Conference: ICML 2026
arXiv: 2606.03976
Code: https://github.com/KordingLab/formalizing-the-binding-problem
Area: Interpretability / Representation Analysis / Vision Transformers
Keywords: Binding Problem, Information-theoretic Probes, ViT Representations, [CLS] Token, Spatial Tokens

TL;DR

This paper formalizes the "binding problem in neural networks" as the mutual information \(I(O;Z)\) regarding object codes \(O\) within the representation \(Z\). By designing autoregressive probabilistic probes to measure binding information in ViTs such as DINOv2 and CLIP, the study finds that the [CLS] token encodes <50% of binding information with an approximately quadratic structure, whereas an attention probe on the full set of spatial tokens recovers ~92% of the information.

Background & Motivation

Background: Modern vision and vision-language models rely heavily on ViTs to encode images into a [CLS] summary token or a set of spatial tokens. These are subsequently used for contrastive learning (CLIP / SimCLR / Barlow Twins) or cross-modal concatenation (LLaVA / Qwen-VL). Existing work has only demonstrated that ViTs "know which patches belong to the same object" without answering how much information regarding "which features belong to the same object" actually exists in the representation.

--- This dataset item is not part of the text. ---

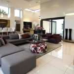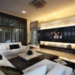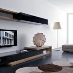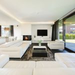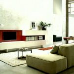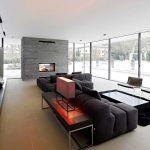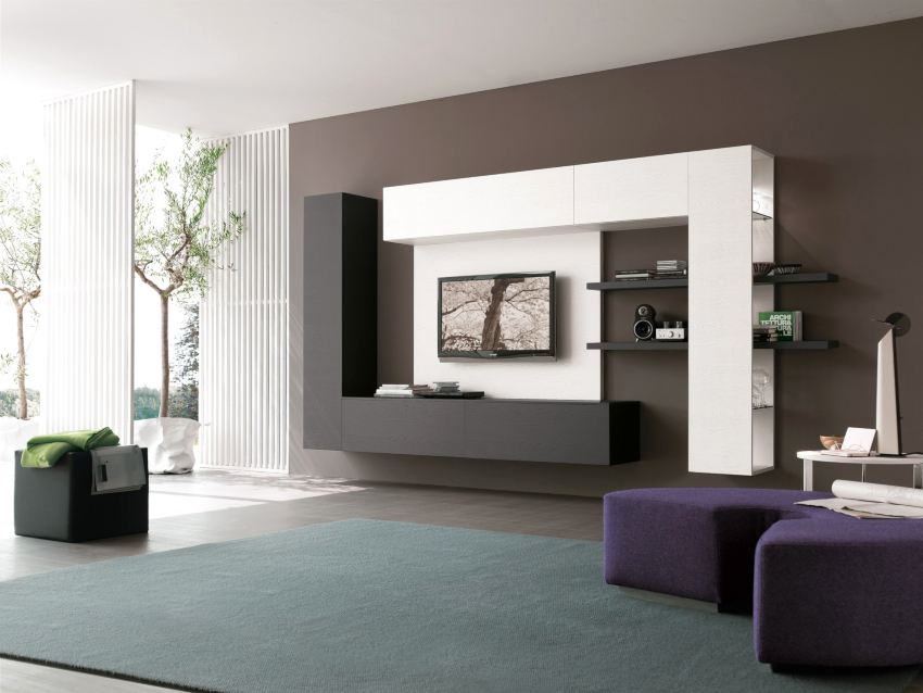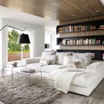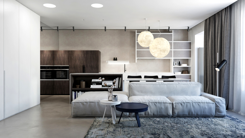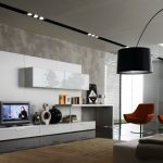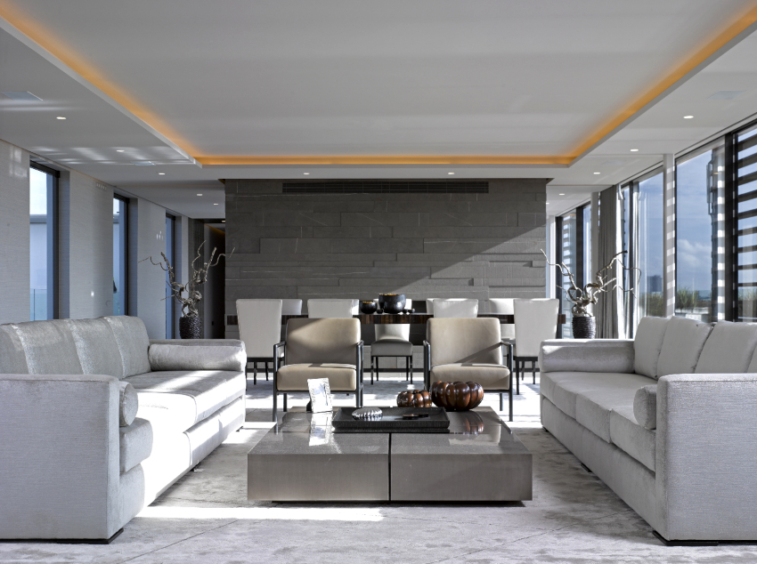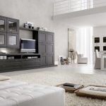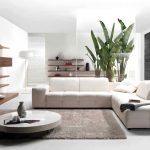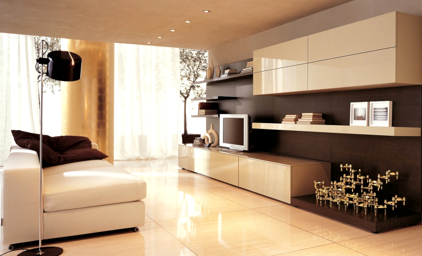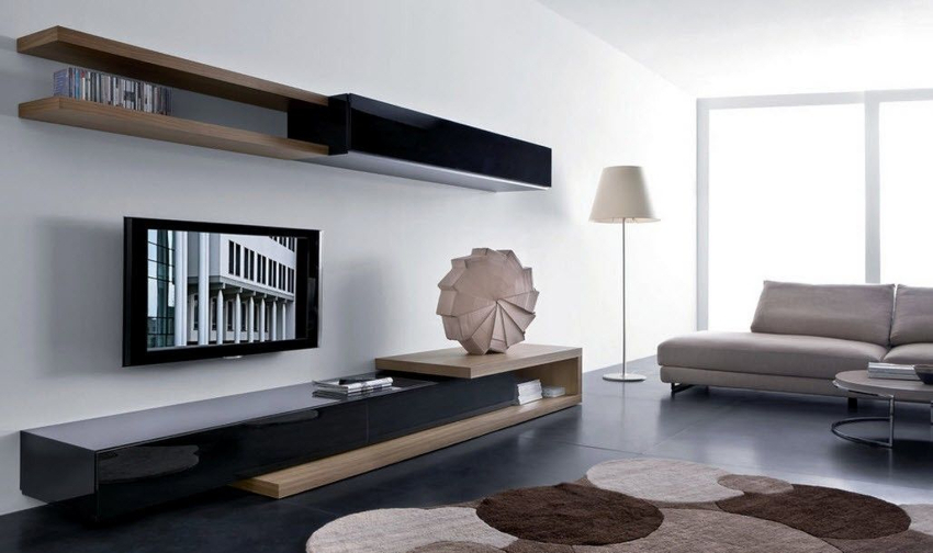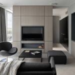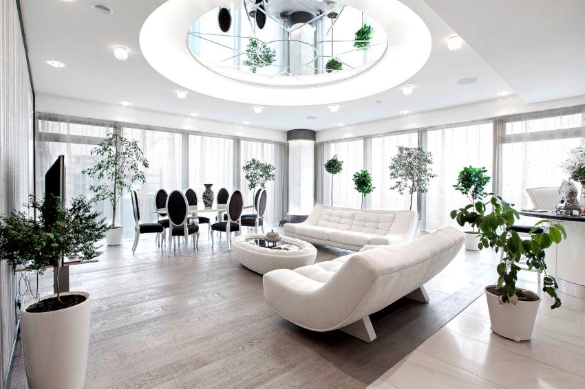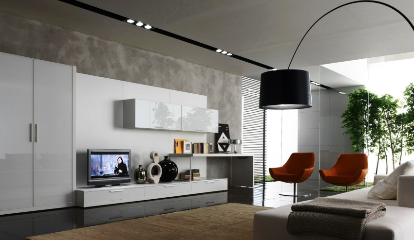 Tapițeria trebuie să fie solidă. Masa de cafea rotunjită poate fi din sticlă sau piatră. Pentru a organiza un sistem de depozitare, este suficient să folosiți mai multe rafturi închise ascunse în spatele unei fațade monocromatice lucioase.

Limitations of Prior Work: VLMs frequently suffer from "attribute binding errors" in scenes with multiple objects, shared features, or occlusions—e.g., describing a blue hat and a red backpack as a "red hat." While works like Campbell et al. 2025 demonstrate numerous task-level failures, they lack a quantifiable, cross-model comparable metric for binding capability and fail to locate whether binding information is lost in the [CLS] token or the spatial tokens.

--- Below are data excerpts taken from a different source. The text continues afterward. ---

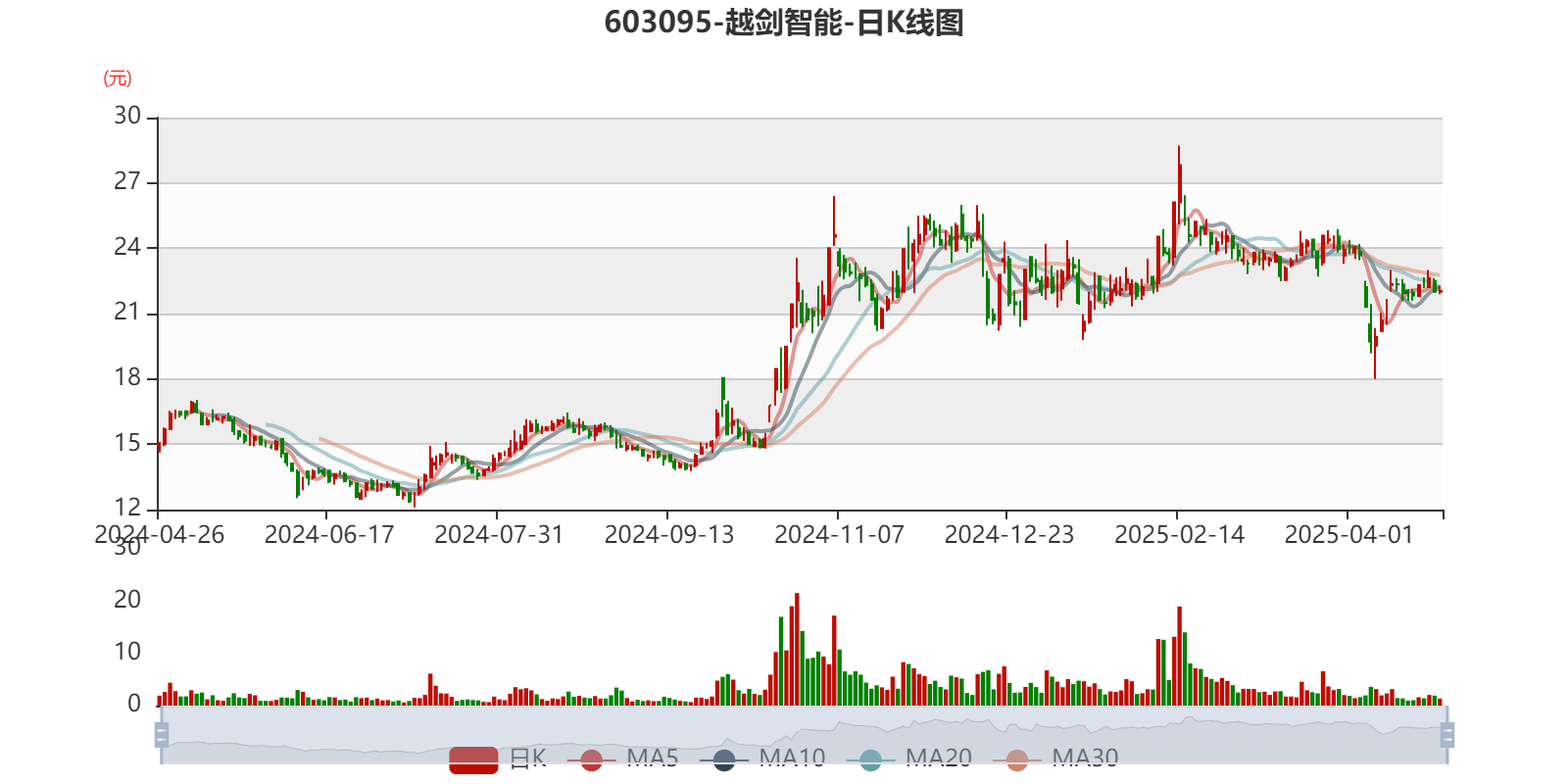 以4月25日收盘价计算,越剑智能目前市盈率(TTM)约为33.95倍,市净率(LF)约1.63倍,市销率(TTM)约2.93倍。
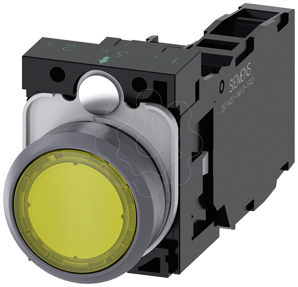 Botão iluminado, 22 mm, redondo, plástico com anel frontal metálico, amarelo, botão de pressão, plano, tecla com retorno, com suporte, 1NA+1NF, mód...
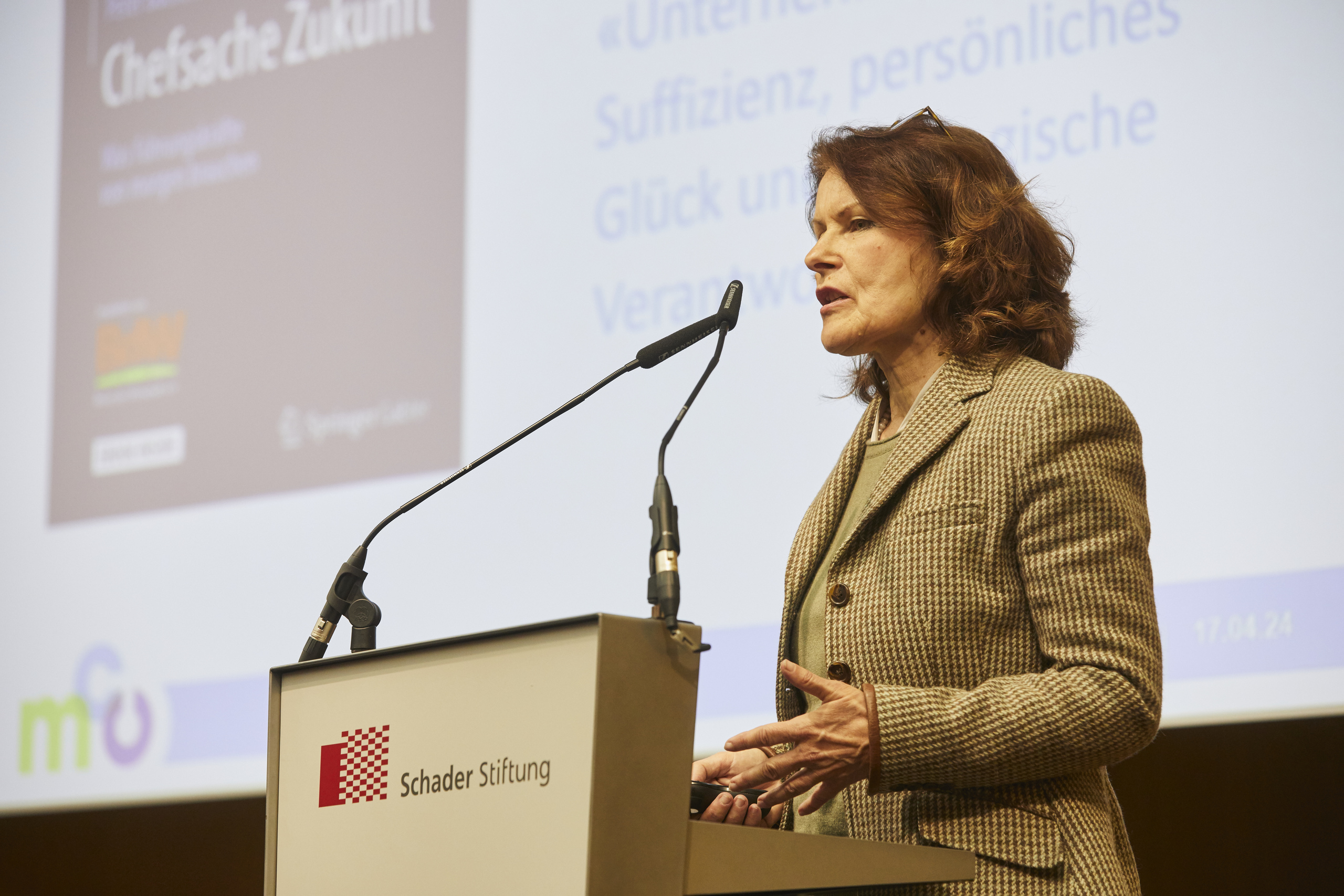 Doch Suffizienz alleine genüge nicht. Es brauche zudem eine dynamische Regionalökonomie, in der Unternehmen etwa mit gebrauchten Gütern arbeiten oder Reparaturdienstleistungen anbieten. Paech warb dafür, Genügsamkeit auch in Unternehmensstrategien zu verankern – um dann Christel Maurer auf die Bühne zu holen. Die Beraterin von MCC Maurer Consulting & Coaching (Zürich), mit der er aktuell eng zusammenarbeitet, nannte Beispiele von Unternehmen verschiedener Größe und Rechtsform, die bereits postwachstumstaugliche Maßnahmen umsetzen und damit erfolgreich in ihrem Wettbewerb bestehen. Von der Reederei Maersk über den Outdoor-Anbieter Patagonia bis zur Hamburger Getränkemarke Premium-Kollektiv, die ihren geschäftlichen Radius freiwillig eingrenzt, um negative Umwelteffekte durch lange Transportwege zu vermeiden. Maurers Botschaft nebst Forderung: „Aus suffizienten Unternehmensstrategien kann multipler Nutzen entstehen. Es ist Zeit, dass die BWL sich des Themas annimmt!“
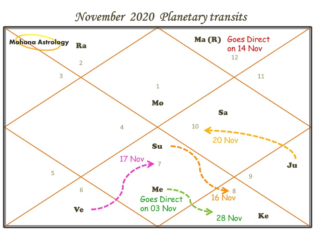 Mars is turning direct in the sign of Pisces on 14 November. Although Mars in Pisces is still very imbalanced, impulsive and emotional, with end of retrogression, the Karmic baggage associated with it will end. It will be a forward looking Mars heading towards Aries. Mars will have Saturn’s aspect which will obstruct Mars to take any actions. I feel in one way this is actually good because this restricts the impulsive, emotional actions.
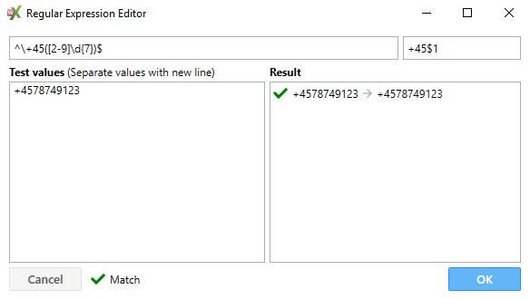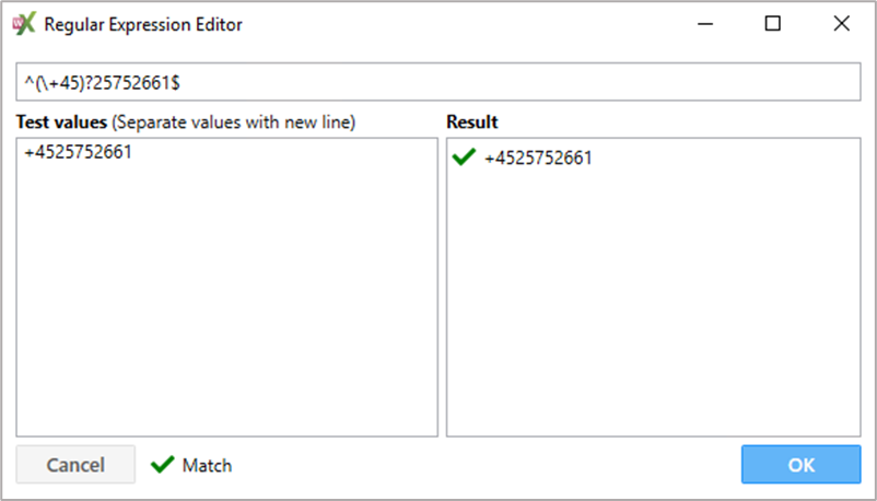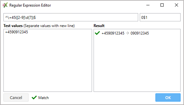 ![]() Figur 88 Reglerne kan editeres ved at dobbeltklikke på feltet, som ønskes ændret (figur 89). Markeres en af reglerne bliver ”Move Up” og ”Move Down” knapperne aktive, og det er muligt at flytte en regel op eller ned. Dobbelt-klikkes der på et felt i ”Match” kolonnen, vises Regular Expression Editor, hvor resultatet også kan testes. Når der er indtastet et nummer i feltet ”Test values” som matcher reglen vil der i feltet ”Result” blive vist et grønt flueben ud for det nummer som er indtastet og derefter vises det ”normaliserede” nummer (76410900) ![]() Figur 89 | ||||||

Key Challenge: The binding problem is both a cognitive science concept and an engineering problem, yet neither field has provided a formal definition for "binding information content in representations." Simply measuring downstream task accuracy conflates "the model does not know" with "the model knows but the readout failed," failing to isolate the information bottleneck of the representation itself.

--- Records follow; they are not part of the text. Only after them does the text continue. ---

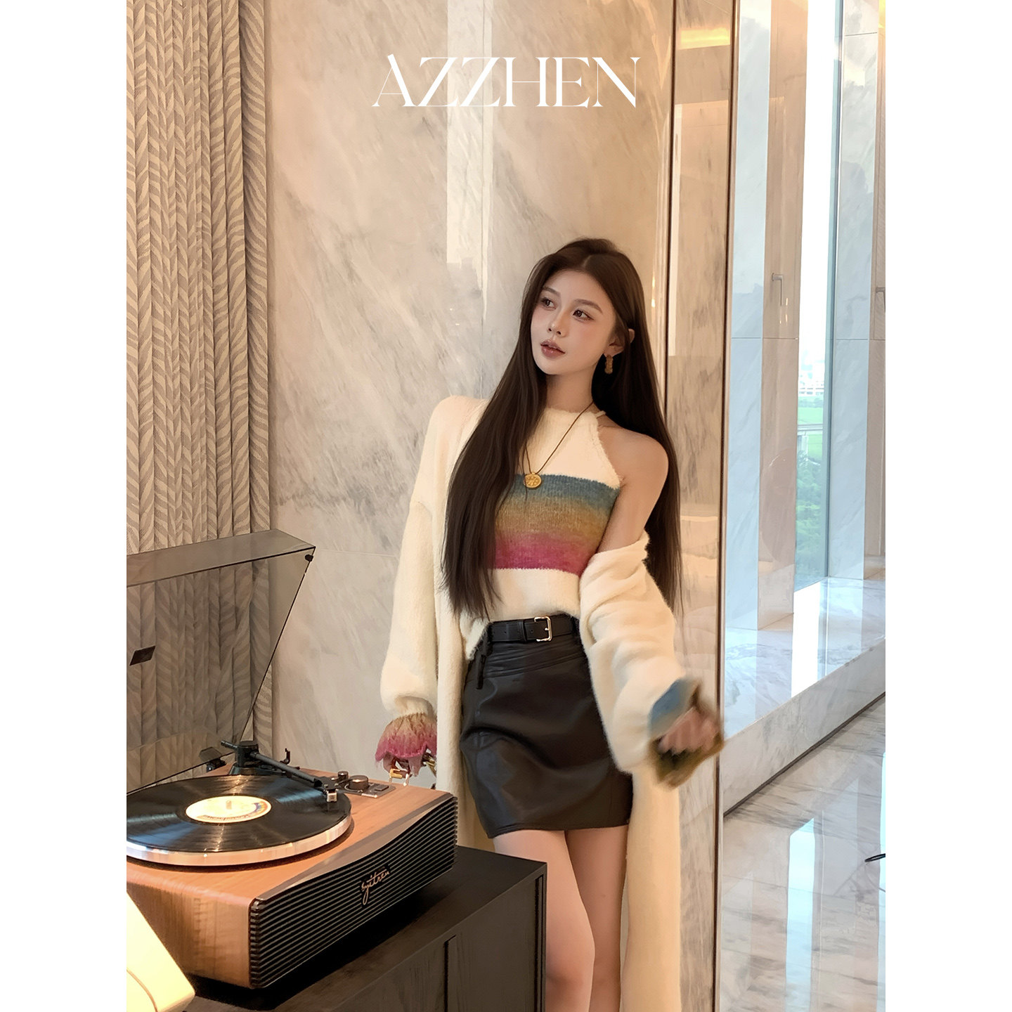 AZZHEN【彩虹秘境】慵懒风设计感彩色毛衣背心两件套开衫外套女
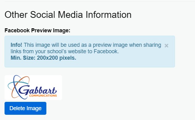 3. Click Choose File to upload a Facebook Preview Image in this section. A good option is a school logo or mascot image.
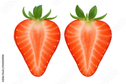 Ripe strawberry halves revealing vibrant red flesh, highlighting natural texture against clean transparent surface
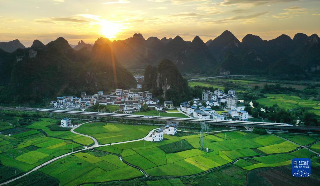 秋日,广西柳州市水稻长势喜人,丰收在望。动车组列车从稻田旁驶过,与村庄、山峦等构成一幅幅美丽的乡村图画。
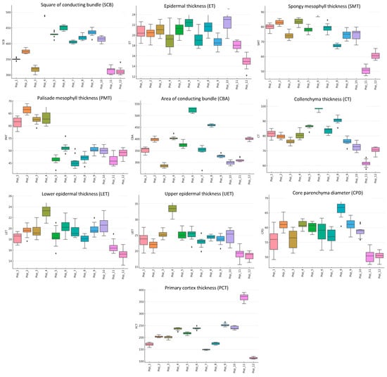 Box plot analysis of the anatomical traits of C. ambigua across 12 populations in the Mangystau Region: area of conducting bundle (SCB), epidermal thickness (ET), spongy mesophyll thickness (SMT), palisade mesophyll thickness (PMT), area of conducting bundle (CBA), collenchyma thickness (CT), lower epidermal thickness (LET), upper epidermal thickness (UET), core parenchyma diameter (CPD), and primary cortex thickness (PCT).

Goal: (1) Provide a formal definition of binding information independent of specific encoding methods; (2) Provide a probe estimator applicable to any pretrained representation; (3) Use it to dissect the binding capabilities of different ViT components across various datasets.

Key Insight: The authors model "feature existence" and "object existence" as binary random vectors \(F\) and \(O\), respectively. Using mutual information, they compress "binding = information about object codes in the representation" into a single scalar. They leverage the classic inequality "cross-entropy of a probe = conditional entropy + KL" (Lemma 2.21) to estimate the otherwise incalculable \(H(O|Z)\) using the test loss upper bound of a trained probe.

Core Idea: Use information theory to decompose binding information into "dataset prior \(H(O)\) - residual probe uncertainty \(H(O|Z)\)." An autoregressive decomposition \(q_\theta(o|z)=\prod_k q_\theta(o_k|o_{<k},z)\) is used to bypass the combinatorial explosion of object codes, yielding a comparable binding information scalar for any ViT.

Method

Overall Architecture

Input: A pretrained ViT \(\Phi: X \to Z\) and a scene dataset providing ground-truth feature codes \(F \in \{0,1\}^n\) and object codes \(O \in \{0,1\}^K\) (either synthetic or densely annotated real data).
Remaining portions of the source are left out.